Until you know exactly what it feels like to be true to your art and the essence of your creative business, no change will be effective. You have to strip away the gunk in the pipes before you can talk about what water needs to flow through it. The gunk are all those things that happen over time (or for new businesses, in your minds’ preconceptions) which are distractions and dead-ends to the core of your creative business.

The reasons are myriad – sounded like a good idea at the time; you needed the money; it is the way your colleagues do it; and so on. In the end though, the gunk just causes confusion. Your styling service now that you do only complete design. “Day of” planning when you just completed your first million dollar destination wedding. Keeping an inventory of candles since they hardly get used at your events. Charging by the hour when the work is about presentation.

Once you figure out the best way for you to take your clients up the mountain – what the process is, when you define your value deliverables, how you are to move from each deliverable to the next – you have to clear out the pipes. Whatever does not serve your process, your value delivery, has to go. Whether it is a line of business, a part of your contract, an employee, or just stuff, it has to go.

Will it be easy to clear out the pipes? Of course not. It sticks because you and your creative business are comfortable in the dysfunction. And you can always rationalize the gunk’s existence. Hey, it pays the bills. We are just used to doing it this way. What would we do if we stopped?

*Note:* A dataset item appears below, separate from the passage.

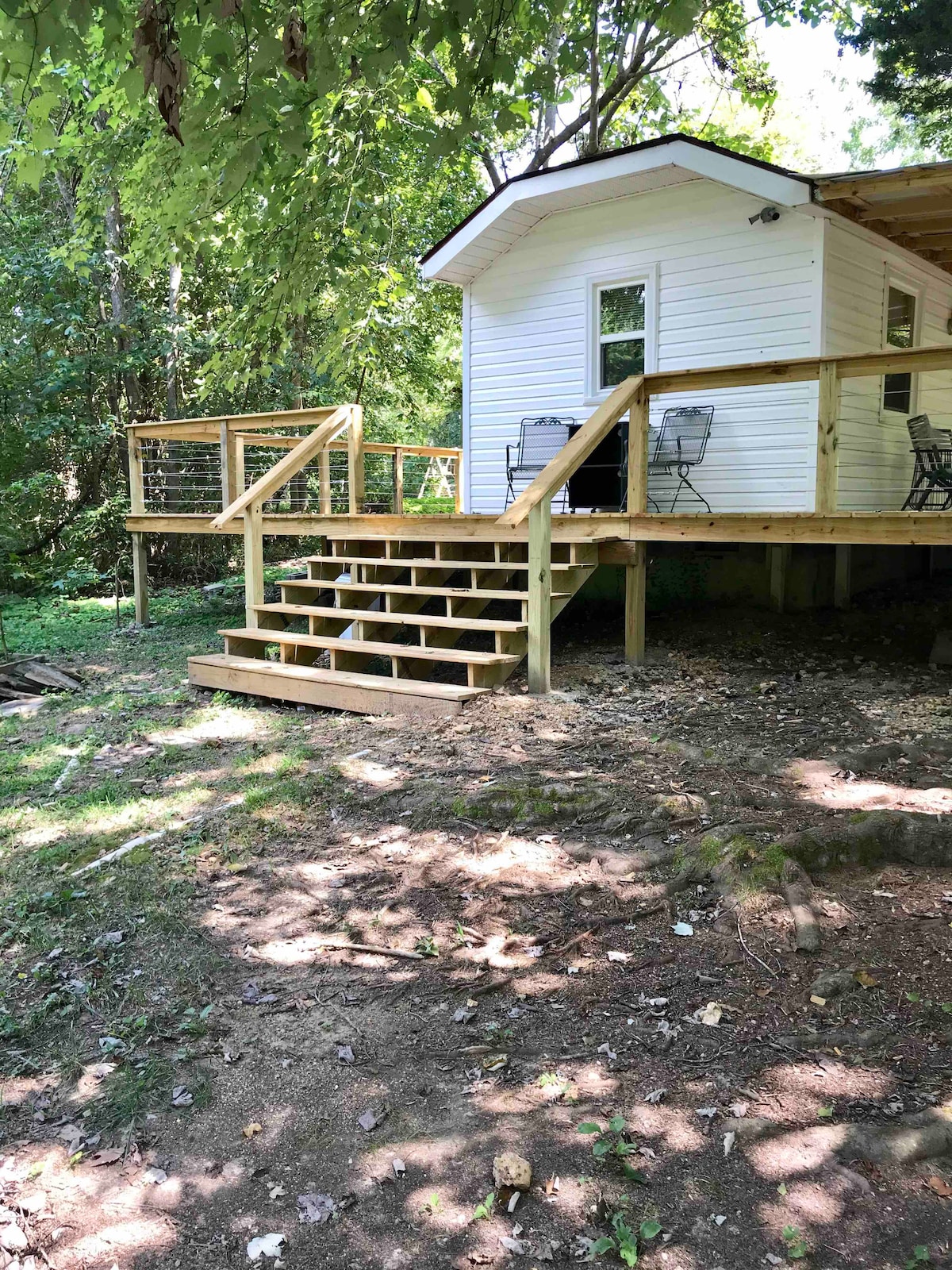 Si estás buscando un lugar para relajarte y desconectar, o tal vez un refugio romántico, nuestra pequeña casa de campo en el bosque ofrece un espacio privado e íntimo perfecto para tu próxima escapada. Wooded Hideaway es una casa de 1 dormitorio y 1 baño enclavada en los árboles en aproximadamente 4 acres a menos de una milla del lago Center Hill. Disfrutarás de total privacidad en la terraza delantera con hermosas vistas al atardecer, una cocina bien equipada, sala de estar con chimenea de leña y cama tamaño king para dormir perfectamente por la noche.

Let the lens be different. Does this allow you to do your best work? If “this” does not, ask why you would need to keep it? You will hear your justifications screaming at you. Then ask yourself about your legacy. If you make your best work beyond challenging or even impossible, will that be enough for you. Forget about the money, will you look back and be proud of what you created, of how you were able to move your clients, to transform them? Will you be grateful for the work or happy to be done? The path is always your choice.

If you do go to the place where each “this” serves your art, your creative business’ ability to do its best work, it is going to feel funny, even wrong. Change does that to us. Do not ignore it but also acknowledge that your intuition might be off.

Turn on a hose, put your finger over the nozzle. When you create the spray, it feels intense, powerful. Take your finger off. Looks like a trickle and far less powerful. And yet the water flows into the hose at the same speed.

Your finger is the gunk, take it away and you know how the water actually flows. What was once a sprint and ultra-pressured, may no longer be. In the slower pace, there needs to be contemplation about what is necessary, not just the need to put your finger back on the hose. From there you will be able to decide if you need to truly change the actual flow. And knowing what you want the actual flow to be is where lasting and meaningful change comes from. Gunk out first, real change second.